Directed by Claire Denis. Written by Jean-Pol Fargeau and Claire Denis
Vampires are as enduring in pop culture as they are in lore, and you wonder if much more can be said or shown about these creatures who traffic in blood, lust, seduction and sexual assault. They’re timeless that way. The transposing of sexual predation to actual predation has never gone out of fashion, because, let’s face it, sexual predation never had a stake driven through its heart and continues to cast its shadow over society like a fanged hand.
With Trouble Every Day, however, Claire Denis does the unexpected, and with her trademark sensuality and a non-trademark conjuring of the grotesque, offers a distinct vampire revamp that’s let down by flimsy storytelling at best. The movie justifies itself with the former, fails to due to the latter, then leaves off with little to show for it.
Two stories run parallel and brush up against each other. In one, Shane Brown (Vincent Gallo) and June Brown (Tricia Vessey), newlyweds, arrive in Paris for their ostensible honeymoon. I say ostensible because they’re surprisingly distant with each other, with Shane sulking most of the time and shy to the touch of June, who’s an ingenue to Shane’s world-weary morosity. Their Paris trip is not all pleasure, as Shane says he has some work to do as well, visiting a lab that’s trying to map out the entirety of the brain.

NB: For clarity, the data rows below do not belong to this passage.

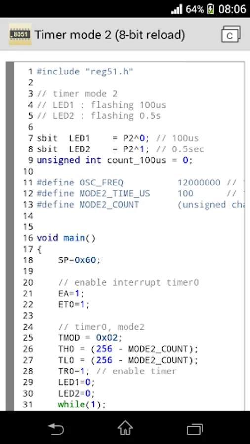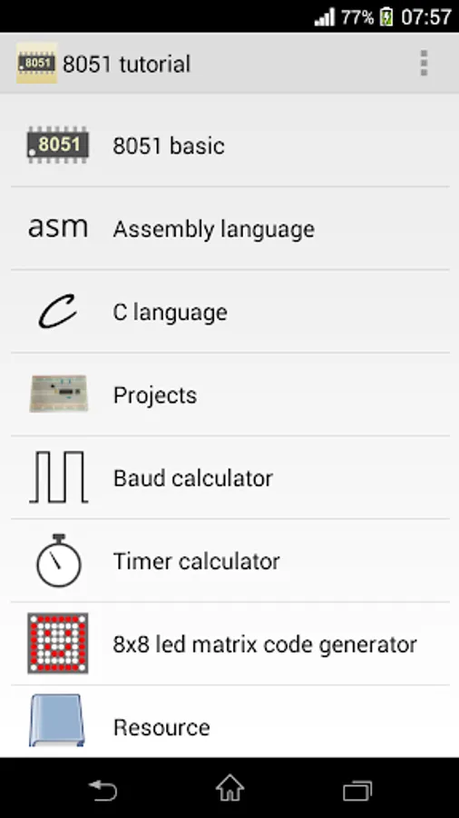 This app is a 8051 tutorial based on C language. It is suitable for hobbyist or engineering students.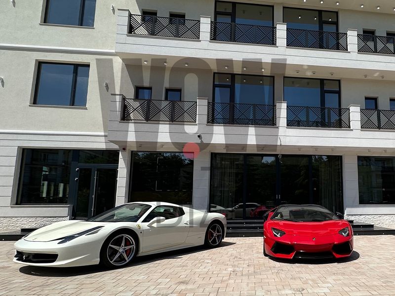 Un Lamborghini Avendator și un Ferrari Spider decapotabil completează perfect peisajul din fața hotelului. Cert este că cele două bijuterii pe patru roți ajung să se vândă la prețuri care i-ar putea lăsa pe iubitorii de mașini cu gura căscată. Mașinile de lux depășesc 100.000 de euro, din informațiile jurnaliștilor WOWbiz.ro.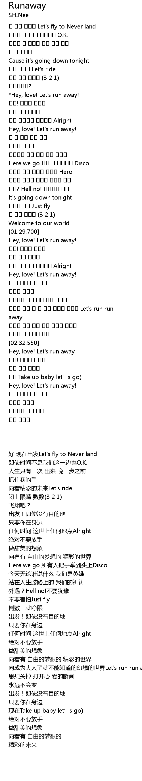 | [01:31.900] | Hey, love! Let' s run away! |
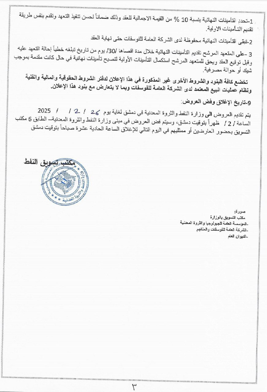 2025 /يتم تقديم العروض الى وزارة النفط والثروة المعدنية في دمشق لغاية يوم 26 / 2 /الساعة / 2 / ظهراً بتوقيت دمشق، وسيتم فض العروض في مبنى وزارة النفط والثروة المعدنية الطابق 6 مكتب التسويق بحضور العارضين أو ممثليهم في اليوم التالي للإغلاق الساعة الحادية عشرة صباحاً بتوقيت دمشق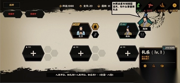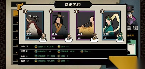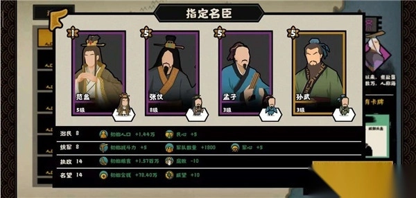 这套阵容选用的几位名臣获取门槛都不高,组合起来却能发挥出远超投入的效果。其中三位角色的技能都和民心系统深度绑定——既能提升民心数值,自身效果又依赖高民心带来的增益;同时这三者里还有两位能强化军事层面的表现,而且整套配置没有明显的负面效果。另外那位则是春秋时期的核心选择,凭借独特的技能机制,能让玩家在前期阶段拥有更灵活的策略空间,无论是专注发育还是主动出击都更有余地。

The glitz of the Brown’s hotel suite stands in contrast to the pallor on the outskirts of town where Léo (Alex Descas) has trouble keeping his wife Coré (Béatrice Dalle) from gorging on men incapable of staying clear of her. Locking her up in their ramshackle house while he continues his research into her condition seems futile. Léo and Shane might be looking for the same thing, but they, and we, must keep looking, for the story doesn’t go much further, let alone resolve.
Trouble Every Day is a slow burn in the vein of Denis’ other great works, but where masterpieces like White Material or Chocolat are electrified by their dense thematic payload, and Beau Travail has rigor to its methods, this foray into genre territory feels slack and lost outside its treatment of some vampire tropes and revitalization of others.
Much of that is down to the glue-and-popsicle-stick storylines that just barely hold the movie together, providing a tedious trail that only lead to a few striking moments, but story-driven is not how I’d describe any of Denis’ movies. What is left unsaid usually provides a livewire current in Denis’ movie, but Trouble Every Day seems to have nothing at all to say.
The movie features seven characters who can be said to drive the story, but five of them are placeholders who somehow made it from the first draft to the screen. The remaining two, Shane and Coré, provide, at times, visceral interpretations of the vampire myth that provide real terror, but these two boats are still stuck on the low tide.
What performances, though. Béatrice Dalle turns feral, and one scene in particular is so unsettling, so wrenching that both your body and mind recoils. Denis mutilates the viewer with how she turns a person’s body into agonized meat, and Dalle’s transformation into something subhuman makes you feel trapped in your seat. Great horror movies make you hold your breath because you’re scared the monster might hear you and Trouble Every Day does reach that frenzied state for a brief spell.
Trouble Every Day does still boast Claire Denis, who clearly hasn’t forgotten how to shoot a movie. She retains her sense for the sensuous and ability to evoke the charge that can exist between two people. She even turns that ability on us, terrorizing us when she tears that intimacy asunder. It’s cinematic alchemy and raw talent that elevates everything it puts its mind to, and it’s therefore a shame that there isn’t more to elevate in this story of vampiric woe, because a few shocking and powerful scenes don’t make a full picture.